◆ **Work instructions**
Please repeat exactly the lines below from the line with "מדדים אדומים בקריפטו" to the line with "沟内人烟稀少,沿路顺水而行,喀尔齐斯河水", including both, and leave out every picture.

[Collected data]
-------

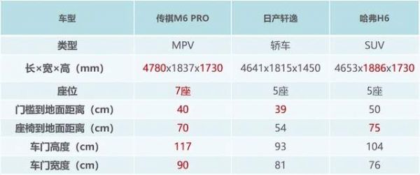 传祺M6 PRO整车大小4780×1837×1730mm,轴距更是长达2810mm。通过对比轿车和SUV的门槛及座椅到地面距离明显看出,传祺M6能够让各种身形的成年人轻松通过,同时也方便老弱人群上下车,成年人亦可以直接以与站立相平的姿态直接坐下。相比主打家用的轿车和SUV,传祺M6 将家用的优势卷到了极致。
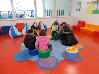 “O Comboiozinho” de Matilde Rosa Araújo levou os meninos para a biblioteca onde, em círculo de arco-íris, ouviram e leram palavras bonitas de alguns poetas. Palavras que nos ficaram a bailar na imaginação.
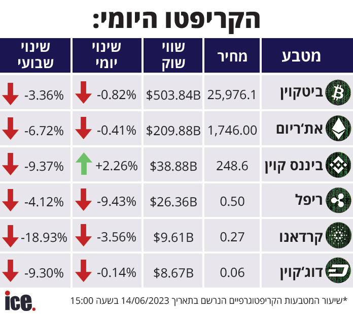 מדדים אדומים בקריפטו היומי: המטבע החזק, הביטקוין ירד ב-0.82% וערכו עומד כעת 25,976.1 עם שווי שוק של 503.84 מיליארד דולר.
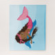 Ce puzzle de sirène est dans les couleurs rose et bleu. Le puzzle est conçu avec une mignonne sirène afro-américaine avec queue de poisson rose, bouclés, cheveux longs et dauphin. Ce puzzle de sirène est un cadeau idéal pour les filles pour toute sorte de célébration.
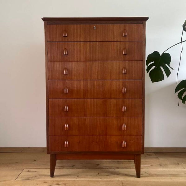 Prachtige vintage hoge ladekast, uitgevoerd in teak (fineer) met mooi gevormde handgrepen en slanke pootjes.
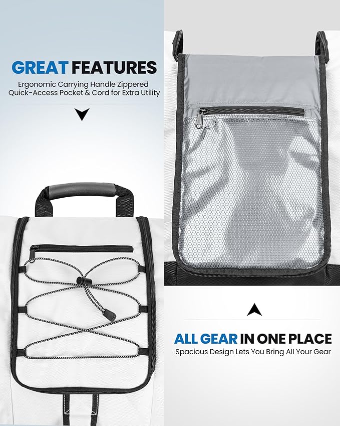 - Carry-All Spacious 50L Boot Bag: Fits any size boots, helmet, goggles, gloves and your other gear. Bring additional gear using the outer compression cords
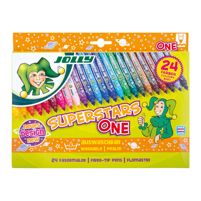 Superstar ist der Superstar unter den Fasermalern. Leuchtende und satte Farben sowie die dicke Mine garantieren höchsten Zeichenspaß. Die auswaschbare Tinte hilft bei der Beseitigung von kleinen Malheurs. Superstars gibt es auch als DUO, mit dicker und dünner Spitze und sogar in Neon- und Metallicfarben.
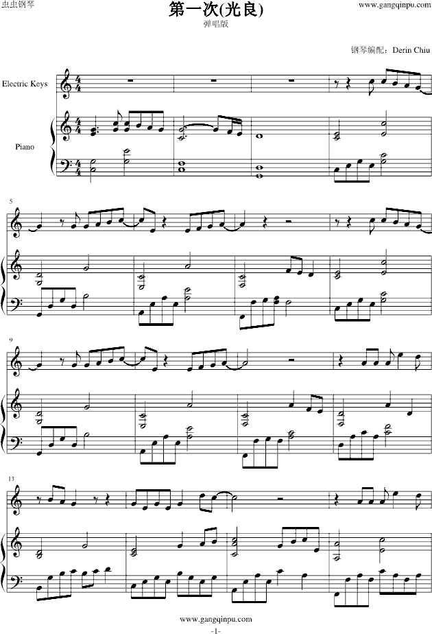 第一次(弹唱版)-钢琴谱(钢琴曲)-光良免费钢琴谱_五线谱: 点击: 1000 图片可能经过缩放,手机长按或点开后长按保存,电脑鼠标右键保存.
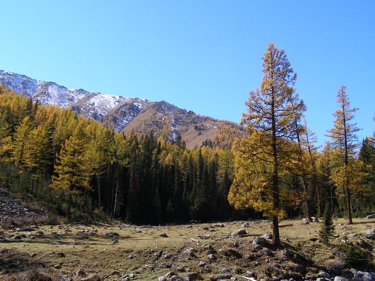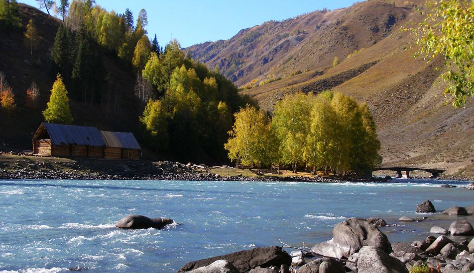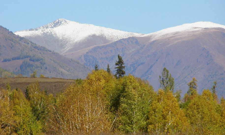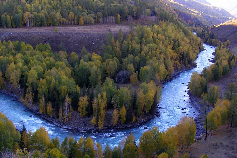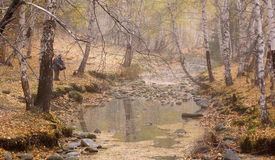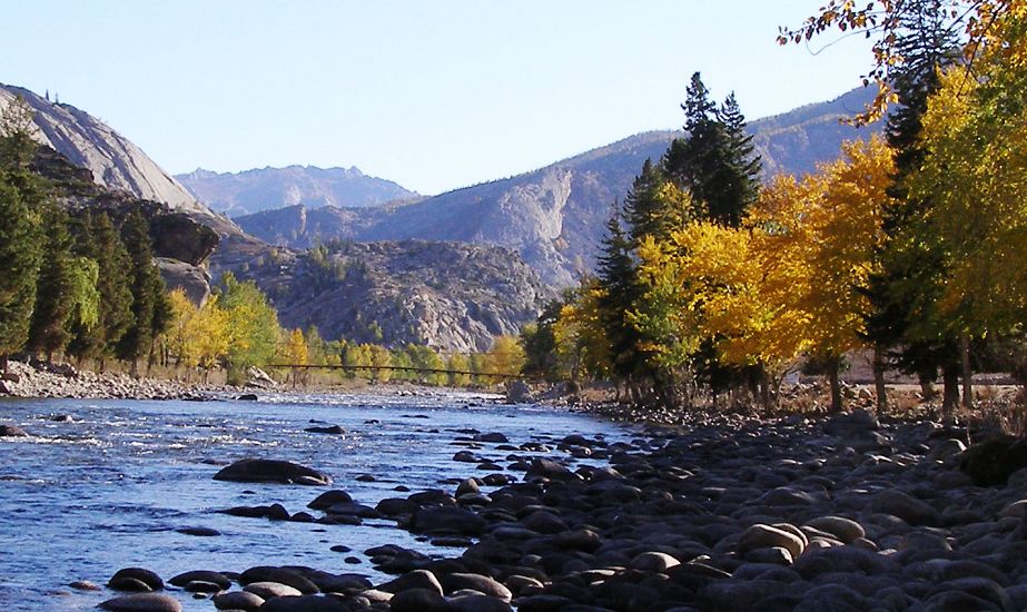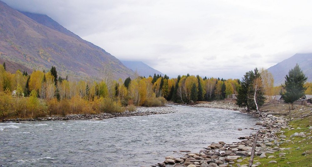 沟内人烟稀少,沿路顺水而行,喀尔齐斯河水流轻缓,碧绿深幽,青褐的卵石或星星点点或扎堆成片地落在河中,河两岸白桦林立,姿态万千,有迫不及待着金黄的、有羞涩着青黄的,也有顽童嬉戏似的半黄半绿着的,只有松杉不解秋日风情完全固守着那分深绿,交错其间,俨然泼墨成一幅山水画,而我们也只是赏客罢了,即使走进画里最多也就是画者从笔尖无意滴下的那几滴墨汁儿,隐隐若无般。但这丝毫没有减弱我们的兴致,在一弯金色白桦蔽护的山路上,我们导演了一出自已的浪漫。山高水清,天蓝云淡,牵手风中,栩栩如生地漫步着,看黄叶片片,飘过发梢,栖在肩上,纷纷扬扬中 一地落英,也落下了喀尔齐斯河边的一声叹息。。。
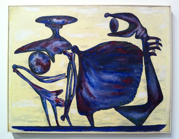 David Smith (1906-1965), "Untitled (two bony figures)" (1946), oil on paperboard, 23 ¼ x 30 inches. The painting is terrific example of Smith biomorphic compositions. Even in this painting one can feel the weight and monumentality so present in his sculptures.

-------

◆ **Exercise answer**
 מדדים אדומים בקריפטו היומי: המטבע החזק, הביטקוין ירד ב-0.82% וערכו עומד כעת 25,976.1 עם שווי שוק של 503.84 מיליארד דולר.
 Ce puzzle de sirène est dans les couleurs rose et bleu. Le puzzle est conçu avec une mignonne sirène afro-américaine avec queue de poisson rose, bouclés, cheveux longs et dauphin. Ce puzzle de sirène est un cadeau idéal pour les filles pour toute sorte de célébration.
 Prachtige vintage hoge ladekast, uitgevoerd in teak (fineer) met mooi gevormde handgrepen en slanke pootjes.
 - Carry-All Spacious 50L Boot Bag: Fits any size boots, helmet, goggles, gloves and your other gear. Bring additional gear using the outer compression cords
 Superstar ist der Superstar unter den Fasermalern. Leuchtende und satte Farben sowie die dicke Mine garantieren höchsten Zeichenspaß. Die auswaschbare Tinte hilft bei der Beseitigung von kleinen Malheurs. Superstars gibt es auch als DUO, mit dicker und dünner Spitze und sogar in Neon- und Metallicfarben.
 第一次(弹唱版)-钢琴谱(钢琴曲)-光良免费钢琴谱_五线谱: 点击: 1000 图片可能经过缩放,手机长按或点开后长按保存,电脑鼠标右键保存.
 沟内人烟稀少,沿路顺水而行,喀尔齐斯河水流轻缓,碧绿深幽,青褐的卵石或星星点点或扎堆成片地落在河中,河两岸白桦林立,姿态万千,有迫不及待着金黄的、有羞涩着青黄的,也有顽童嬉戏似的半黄半绿着的,只有松杉不解秋日风情完全固守着那分深绿,交错其间,俨然泼墨成一幅山水画,而我们也只是赏客罢了,即使走进画里最多也就是画者从笔尖无意滴下的那几滴墨汁儿,隐隐若无般。但这丝毫没有减弱我们的兴致,在一弯金色白桦蔽护的山路上,我们导演了一出自已的浪漫。山高水清,天蓝云淡,牵手风中,栩栩如生地漫步着,看黄叶片片,飘过发梢,栖在肩上,纷纷扬扬中 一地落英,也落下了喀尔齐斯河边的一声叹息。。。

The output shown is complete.